Cookies help us deliver our services. By using our services, you agree to our use of cookies. Learn more

crowdAI is shutting down - please read our blog post for more information

IEEE Investment Ranking Challenge

Explore methodology to identify assets with extreme positive or negative returns.


Question regarding evaluation

Posted by sshkhr over 3 years ago

Under the evaluation section it is mentioned :

“Each team must test their model using an expanding window procedure. For a given time period, T, an expanding window test allows the model to incorporate all available information up to time T, to generate predictions for time T+1. For example, when predicting the stock rankings in the first half of 2016, the model can include all data from 1996 to no later than year-end 2015. Predictions for the second half of 2016 could then include all the data from the first half of 2016.”

If I am understanding this correctly the training model for making prediction for year 2000 is not allowed to use any data from after the year 2000. However say if this problem is modelled using a sequence model like a Bidirectional Recurrent Neural Net the model will communicate information from the future to improve predictions in the present. Is such a model okay with the evaluation criteria mentioned ?

Posted by sshkhr  over 3 years ago |  Quote

Is it okay if the problem is modelled using a sequence model like Bidirectional Recurrent Neural Network which communicates information from future sequences back to improve present predictions. I wanted to check on this as I am not sure if this is okay under the expanding window test mechanism mentioned under Evaluation.

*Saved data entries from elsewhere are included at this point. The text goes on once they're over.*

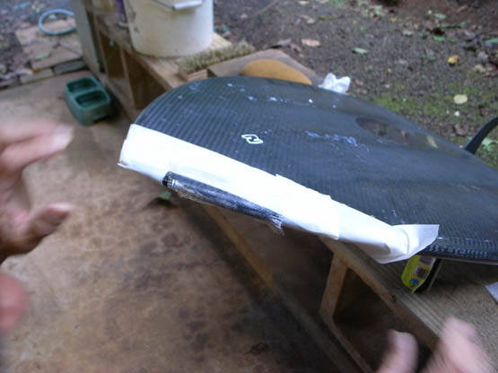 ↓次に先ほど切ったファイバークロスを修理箇所にのせます。
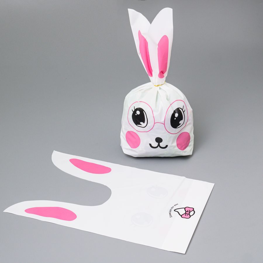 Мешок подар. ПВХ с ушами 20*33см "Зайчик в очках" 50шт/уп
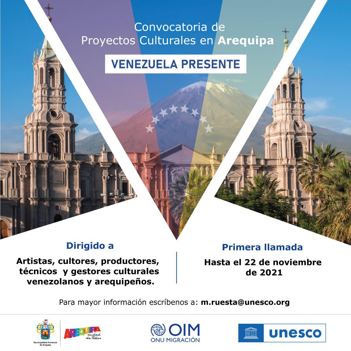 Los procesos migratorios son parte de la historia universal y han contribuido al desarrollo social, económico y cultural de distintas sociedades. La oficina de UNESCO en Perú, la Misión en Perú de la Organización Internacional para las Migraciones OIM y la Municipalidad Provincial de Arequipa presentan el programa: Venezuela Presente, una convocatoria de proyectos culturales que busca reconocer los importantes aportes de la comunidad venezolana en nuestro país y fortalecer los lazos de integración en una lógica de cooperación desde el sector cultural. Este llamado se realizará en Arequipa, una de las localidades con mayor presencia de ciudadanas y ciudadanos venezolanos en el Perú, la cual forma parte de forma parte de la Red de Ciudades Creativas de la UNESCO desde el año 2019 por su gastronomía y cuyo centro histórico fue reconocido como Sitio de Patrimonio Mundial de la UNESCO en el año 2000.
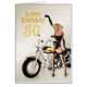 Una encantadora dama al lado de una moto. ¡Una gran carta para el hombre que le gusta montar!
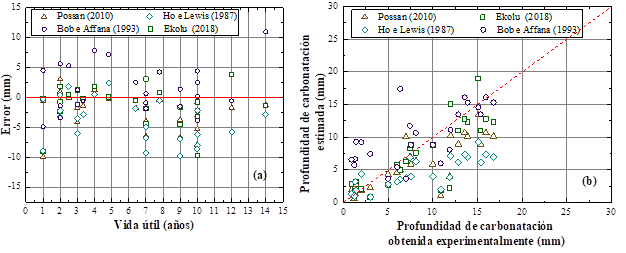 La Figura 1 (a) muestra que existe una tendencia en la que generen los modelos resultados diferentes a los observados en los experimentos. Esas observaciones son más explícitas para el modelo de Bob y Affana (1993), que sobrestimó las profundidades de carbonatación, y el modelo de Ho y Lewis (1987), que las subestimó.
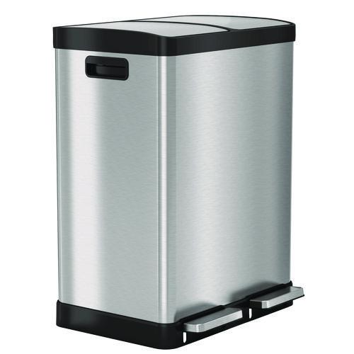 Fire-Resistant Step Pedal Trash Can and Recycle Bin, 16 gal, Plastic/Stainless Steel, Silver
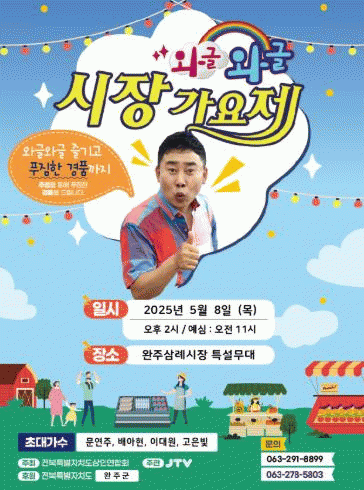 [NWS¹æ¼Û=Çѽ¸ñ ±âÀÚ]ÀüÅë½ÃÀå°ú Áö¿ªÁÖ¹ÎÀÌ ÇÔ²² ¾î¿ì·¯Áö´Â Èï°Ü¿î ¹«´ë ¡®ÀüÅë½ÃÀå ¿Í±Û¿Í±Û ½ÃÀå°¡¿äÁ¦¡¯ Çà»ç°¡ ¿À´Â 8ÀÏ ¿ÀÈÄ 2½Ã ¿ÏÁÖ±º »ï·Ê½ÃÀå¿¡¼­ ¿­¸°´Ù. ±º¹Î ´©±¸³ª Âü¿©ÇÒ ¼ö ÀÖ´Â À̹ø °¡¿äÁ¦´Â Äڹ̵ð¾ð Ȳ±â¼øÀÇ »çȸ¡¦
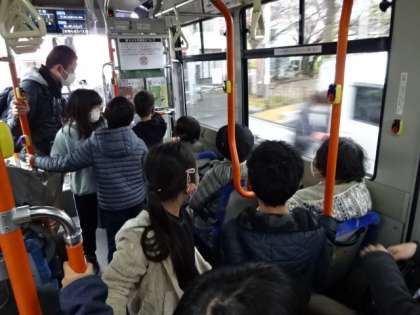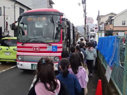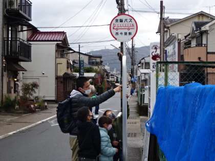 西今屋敷から山科駅まで乗車しましたが,車内はお客でギューギュー。車内やバス停,山科駅の様子などを観察し,多くの発見があったようです。
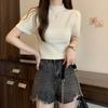 Cuello Medio Alto Otoño Nuevo Estilo Simple Color Puro Suéter Tejido Ajustado Cachemira Tejido para Mujer
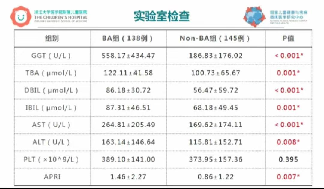 对于实验室检查结果的解读,钭教授对比了胆道闭锁患儿与非胆道闭锁患儿各项指标的数据差异以及其统计学意义。
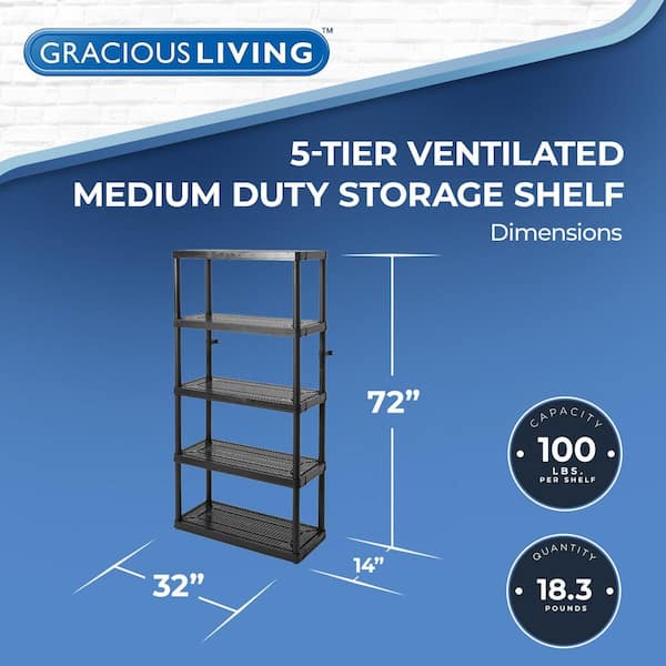 Black 5-Tier Plastic Garage Storage Shelving Unit (32 in. W x 72 in. H x 14 in. D)
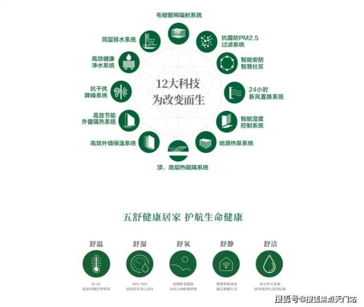 但作为金茂府系3.0迭新作品, 江湾金茂府将金茂引以为傲的「12大绿金科技」进一步优化,升级为 更节能、更安静、更安心的“五舒科技系统” 。
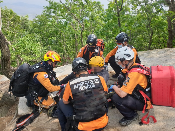 발견 당시 요구조자는 실족으로 인해 왼쪽 발목에 심한 통증을 호소해 거동이 불가능한 상태였다. 이에 소방대원은 응급처치 후 소방헬기를 통해 요구조자를 인천의 한 대학병원으로 이송했다.
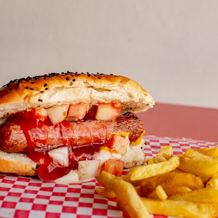 Pan artesanal, salchicha de pavo, choriqueso, jitomate, cebolla, mayonesa, mostaza y cátsup.
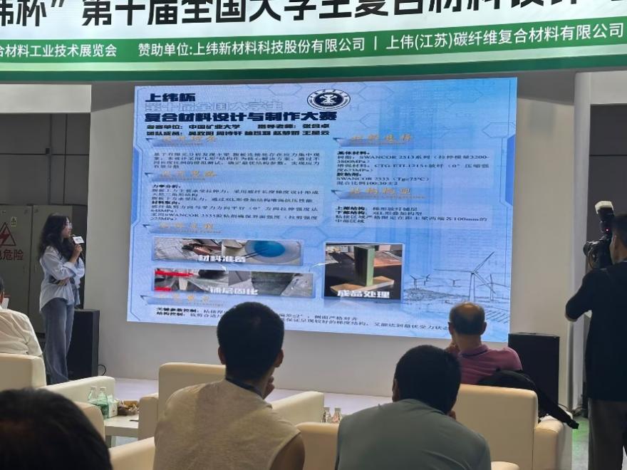 从8月下旬开始,参赛队员便开始有针对性地进行备赛,从确定方向到讨论修改再到精心制作,最后成功完成了三组作品。比赛过程中,参赛队员对设计思路进行了讲解,并顺利通过外观检查和载荷测试。同时,参赛队员还积极与其他队伍交流探讨,学习其先进之处。赛后,队员们参观了复合材料领域知名企业的展台,并与行业专家和技术人员进行了深入交流,对复合材料从原料制备到先进成型工艺及相关产品都有了更直观和深刻的认识。
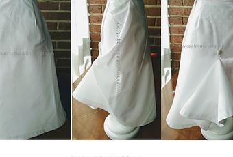 Este tipo de falda lleva un botón a la altura de la cadera, centrado en la espalda y en el costado derecho una presilla para abrocharlo, de este modo no lo pisa y no molesta. En la base del otro costado lleva una goma para insertar la bota, pues la falda no debe tener movimiento con la velocidad del caballo, ha de estar bien sujeta.
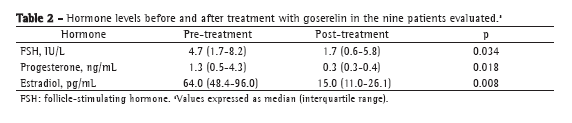 Table 2 shows the hormone levels, which are expressed as medians and interquartile ranges. After one year of treatment with goserelin, there was effective hormonal blockade, with a significant reduction in the median levels of FSH (to values below the lower limit of normality for adult women), estradiol, and progesterone (to values below the lower limit of normality for adult women and within the range of reference values for postmenopausal women). The medication was well tolerated by all patients, and there were no significant adverse effects.
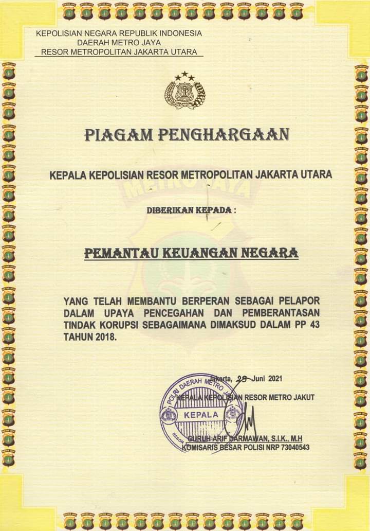 JAKARTA, MEDIA OTONOMI INDONESIA – PP No. 43 Tahun 2018 tentang Tata Cara Pelaksanaan Peran Serta Masyarakat dan Pemberian Penghargaan dalam Pencegahan dan Pemberantasan Tindak Pidana Korupsi. Atas dasar PP 43 tahun 2018 ini, Kapolres Jakarta Utara Kombes Pol. Guruh Arif Darmawan, S.I.K., M.H. memberikan Penghargaan kepada Pemantau Keuangan Negara (PKN) yang aktif dan atau yang telah melaporkan dugaan korupsi ke pihak berwajib/Polri. Penghargaan diberi kepada PKN di Mako Polres Metro Jakarta Utara Jl. Yos Sudarso No.1 Rawabadak Utara, Koja, Jakarta Utara, Selasa, 29/6/2021.

Posted by benharlander  over 3 years ago |  Quote

@sshkhr Hi, thanks for the question. Frame this problem as if you were making a prediction as of today about the next 6 months. What information would be available to you? If you are making a prediction at time period T, your training set should not include observations from T or any period later than T. Also, your model should not include features that were not available at time T. This is not to say that you have to treat all time periods in your training set as independent, but I don’t think a bidirectional RNN would be appropriate if it relies on the presence of future information to make a prediction for the current time period.